## Goal of the exercise
The lines from the one containing "Стены и своды" through the last one in the data: please copy those exactly, and only those, without the pictures.

+++ The data +++

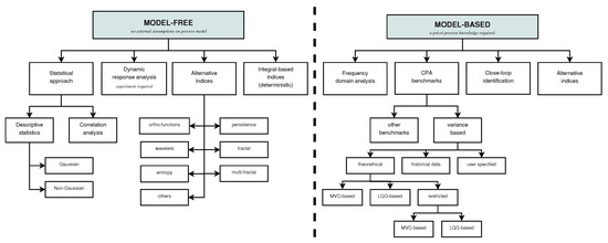One may find a few methods’ classifications in the literature and block tree diagrams visualizing functional similarities and differences. Figure 4 presents graphical diagram of the generalized CPA techniques classification. The industrial perspective simplifies the picture. Simplicity is the main borderline, i.e., the scope of required a priori knowledge for the utilization of a selected approach. Methods that do not require specific knowledge can be simply evaluated by delivering a clear message. In the literature, there exists basic classification, which might be applied to the MPC rule and to the quality assessment as well. Authors distinguish between data-driven and model-based approaches. There are fundamental traps in the popular interpretation of these notions. First, each method uses data. Without data there is no assessment and actually all methods are data driven. Thereby, one might distinguish between model-free and model-based approaches. From that perspective, the majority of techniques are model-based only apart from simple integral or time based. All the statistical approaches are model-based, as evaluated measures originate from some probabilistic density function, which is in fact an assumed statistical model. Thereby, the notion of a model has to be specified. Common understanding is that it is a process model. Consequently, the following classification is used throughout the paper:
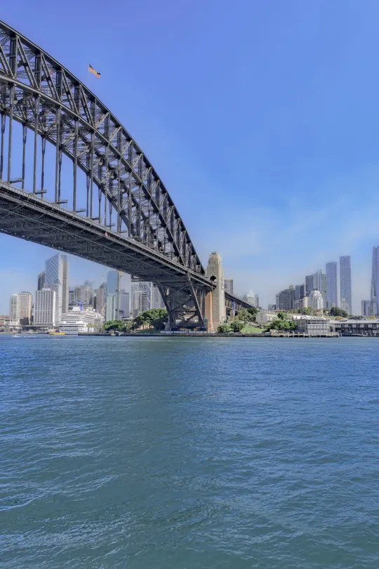 悉尼海港大桥,如一道钢铁铸就的长虹,横跨在波光粼粼的海面之上。坚实的桥身与精致的钢架结构,尽显工业美学的魅力。桥下,海水悠悠流淌,远处林立的高楼勾勒出城市的天际线,繁华与壮阔在此交织,诉说着悉尼这座城市的活力与辉煌。
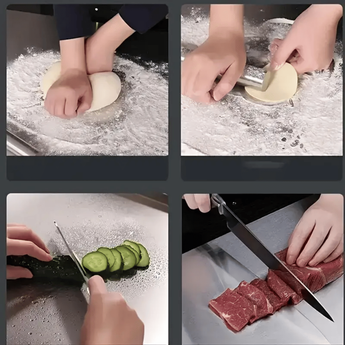 [EXCLUSIVELY SELECTED, HIGH-QUALITY MATERIALS]Our chopping boards for kitchen is made of food-grade 304 stainless steel, which is made of 4 layers of special compression process. It is more textured and durable than ordinary stainless steel cutting boards, with high temperature resistance and long service life.
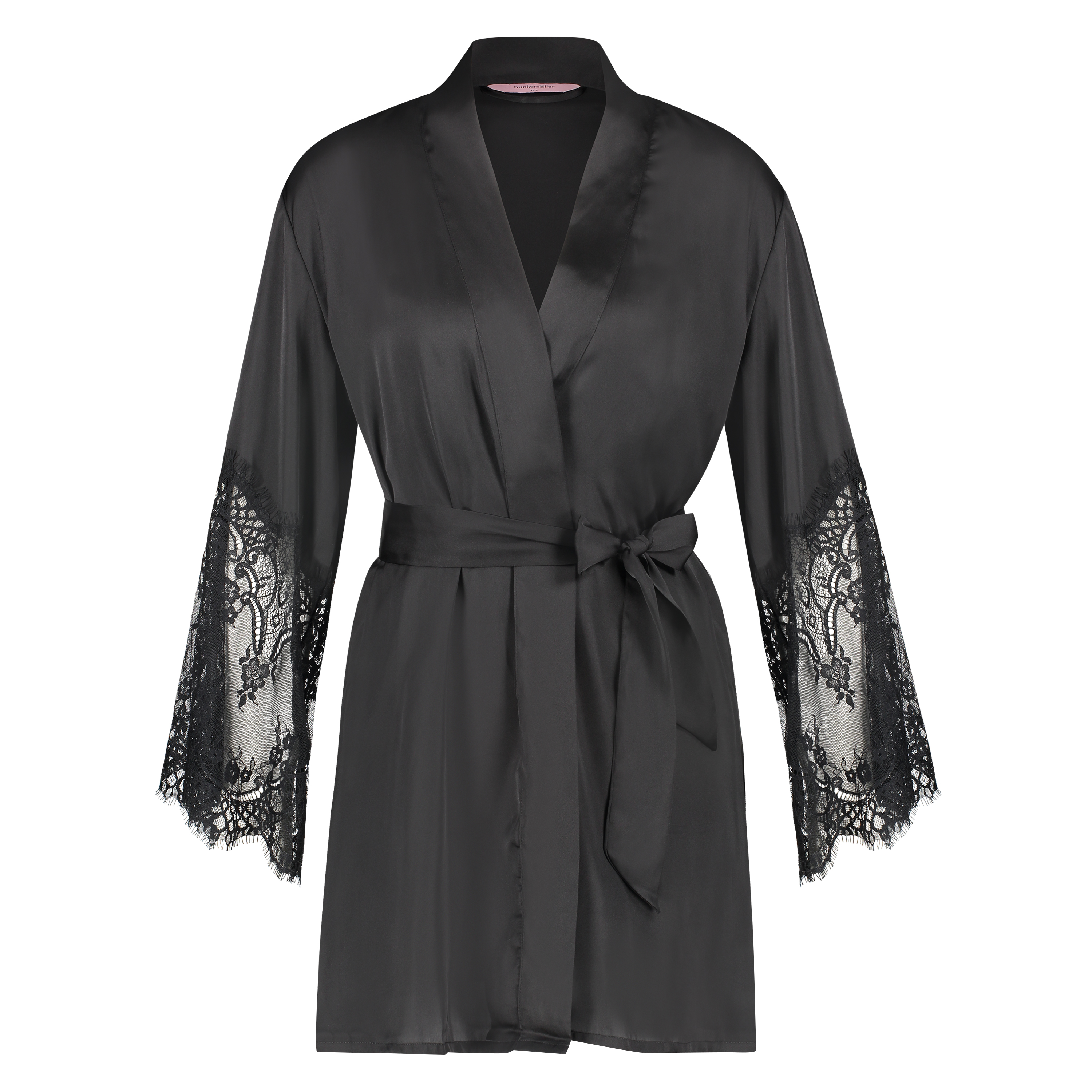Gjør undertøysettet ditt enda mer forførende med denne kimonoen! Kimonoen har satenglook og -feeling og er pyntet med blonder.
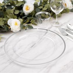 Goodluck 12 Inch Disposable Charger Plates Plastic, 100 Pack Plastic Clear Charger with Silver Rim for Dinner, Wedding, Party Reg. Retail $139.99$69Downey, CA
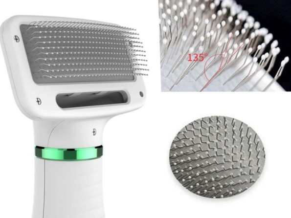Uređaj ima dvije razine sušenja – nižu i višu – što omogućuje prilagodbu protoka zraka i temperature različitim vrstama dlake te osjetljivosti kože. Metalne, tanke, zakrivljene iglice četke zakrivljene su tako da lako prodiru kroz dlaku, uklanjaju zapetljaje i višak poddlake, a istodobno nježno masiraju kožu bez iritacije.
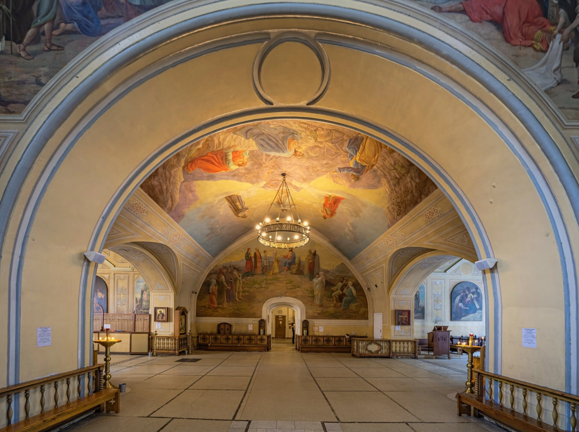 Стены и своды храма обильно украшены нарядными фресками и священными росписями, выполненными в канонической православной манере. Масштабные композиции изображают евангельские сюжеты и лики почитаемых святых, наставляя верующих и созидая молитвенное настроение. В центре пространства, под купольным пространством, располагается большое паникадило, от которого исходит мягкий свет, озаряющий святыни и способствующий сосредоточенной молитве.
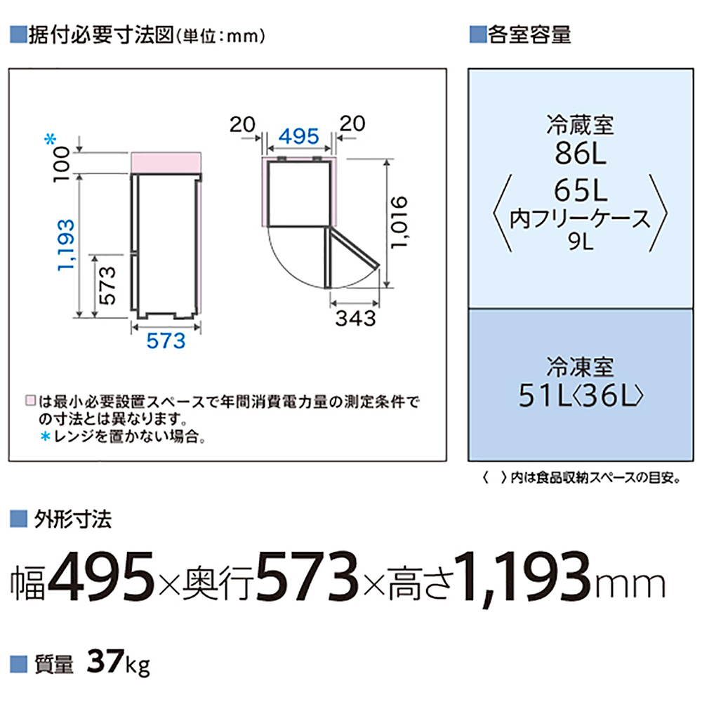 | 冷蔵室容量 | 86L |

+++

## Task output
 Стены и своды храма обильно украшены нарядными фресками и священными росписями, выполненными в канонической православной манере. Масштабные композиции изображают евангельские сюжеты и лики почитаемых святых, наставляя верующих и созидая молитвенное настроение. В центре пространства, под купольным пространством, располагается большое паникадило, от которого исходит мягкий свет, озаряющий святыни и способствующий сосредоточенной молитве.
 | 冷蔵室容量 | 86L |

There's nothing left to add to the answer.